Here is the code I used to generate the bloom filters:
public class BloomFilter {
private BitSet filter;
private int size;
private int hfNum;
private int prime;
private double fp = 232000; //One false positive every fp items
public BloomFilter(int count) {
size = (int)Math.ceil(Math.ceil(((double)-count) * Math.log(1/fp))/(Math.pow(Math.log(2),2)));
hfNum = (int)Math.ceil(((this.size / count) * Math.log(2)));
//size = (int)Math.ceil((hfNum * count) / Math.log(2.0));
filter = new BitSet(size);
System.out.println("Initialized filter with " + size + " positions and " + hfNum + " hash functions.");
}
public BloomFilter extraSecure(int count) {
return new BloomFilter(count, true);
}
private BloomFilter(int count, boolean x) {
size = (int)Math.ceil((((double)-count) * Math.log(1/fp))/(Math.pow(Math.log(2),2)));
hfNum = (int)Math.ceil(((this.size / count) * Math.log(2)));
prime = findPrime();
size = prime * hfNum;
filter = new BitSet(prime * hfNum);
System.out.println("Initialized filter with " + size + " positions and " + hfNum + " hash functions.");
}
public void add(String in) {
filter.set(getMurmur(in), true);
filter.set(getBlake(in), true);
if(this.hfNum > 2) {
for(int i = 3; i <= (hfNum); i++) {
filter.set(getHash(in, i));
}
}
}
public boolean check(String in) {
if(!filter.get(getMurmur(in)) || !filter.get(getBlake(in))) {
return false;
}
for(int i = 3; i <= hfNum; i++) {
if(!filter.get(getHash(in, i))) {
return false;
}
}
return true;
}
private int getMurmur(String in) {
int temp = murmur(in) % (size);
if(temp < 0) {
temp = temp * -1;
}
return temp;
}
private int getBlake(String in) {
int temp = new BigInteger(blake256(in), 16).intValue() % (size);
if(temp < 0) {
temp = temp * -1;
}
return temp;
}
private int getHash(String in, int i) {
int temp = ((getMurmur(in)) + (i * getBlake(in))) % size;
return temp;
}
private int findPrime() {
int temp;
int test = size;
while((test * hfNum) > size ) {
temp = test - 1;
while(!isPrime(temp)) {
temp--;
}
test = temp;
}
if((test * hfNum) < this.size) {
test++;
while(!isPrime(test)) {
test++;
}
}
return test;
}
private static boolean isPrime(int num) {
if (num < 2) return false;
if (num == 2) return true;
if (num % 2 == 0) return false;
for (int i = 3; i * i <= num; i += 2)
if (num % i == 0) return false;
return true;
}
@Override
public String toString() {
final StringBuilder buffer = new StringBuilder(size);
IntStream.range(0, size).mapToObj(i -> filter.get(i) ? '1' : '0').forEach(buffer::append);
return buffer.toString();
}
}
Here is the code I'm using to test it:
public static void main(String[] args) throws Exception {
int z = 0;
int times = 10;
while(z < times) {
z++;
System.out.print("\r");
System.out.print(z);
BloomFilter test = new BloomFilter(4000);
SecureRandom random = SecureRandom.getInstance("SHA1PRNG");
for(int i = 0; i < 4000; i++) {
test.add(blake256(Integer.toString(random.nextInt())));
}
int temp = 0;
int count = 1;
while(!test.check(blake512(Integer.toString(temp)))) {
temp = random.nextInt();
count++;
}
if(z == (times)) {
Files.write(Paths.get("counts.txt"), (Integer.toString(count)).getBytes(), StandardOpenOption.APPEND);
}else {
Files.write(Paths.get("counts.txt"), (Integer.toString(count) + ",").getBytes(), StandardOpenOption.APPEND);
}
if(z == 1) {
Files.write(Paths.get("counts.txt"), (Integer.toString(count) + ",").getBytes());
}
}
}
I expect to get a value relatively close to the fp variable in the bloom filter class, but instead I frequently get half that. Anyone know what I'm doing wrong, or if this is normal?

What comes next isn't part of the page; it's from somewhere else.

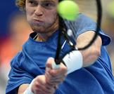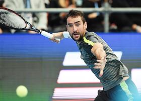 XXX Международный теннисный турнир "ВТБ Кубок Кремля" в ледовом дворце "Крылатское". Полуфинал. Одиночный разряд среди мужчин. Хорватский теннисист Марин Чилич во время матча против российского теннисиста Андрея Рублева.
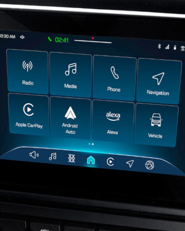 Life on board is even better with the new standard DAB radio and infotainment system. The display, available in 10-inch or 7-inch versions, is integrated into the central section of the dashboard. The driver will easily bring their digital life on board with the standard CarPlay and Android Auto feature, and use on-board vocal driver companion built on Amazon Web Services with Amazon Alexa* features with the in cab microphone.

EDIT: To show what I mean by high error rates, when I run the code on a filter initialized with count 4000 and fp 232000, this was the output in terms of how many numbers the filter had to run through before it found a false positive:
158852,354114,48563,76875,156033,82506,61294,2529,82008,32624
This was generated using the extraSecure() method for initialization, and repeated 10 times to generate these 10 numbers; all but one of them took less than 232000 generated values to find a false positive. The average of the 10 is about 105540, and that's common no matter how many times I repeat this test.
Looking at the values it found, the fact that it found a false positive after only generating 2529 numbers is a huge issue for me, considering I'm adding 4000 data points.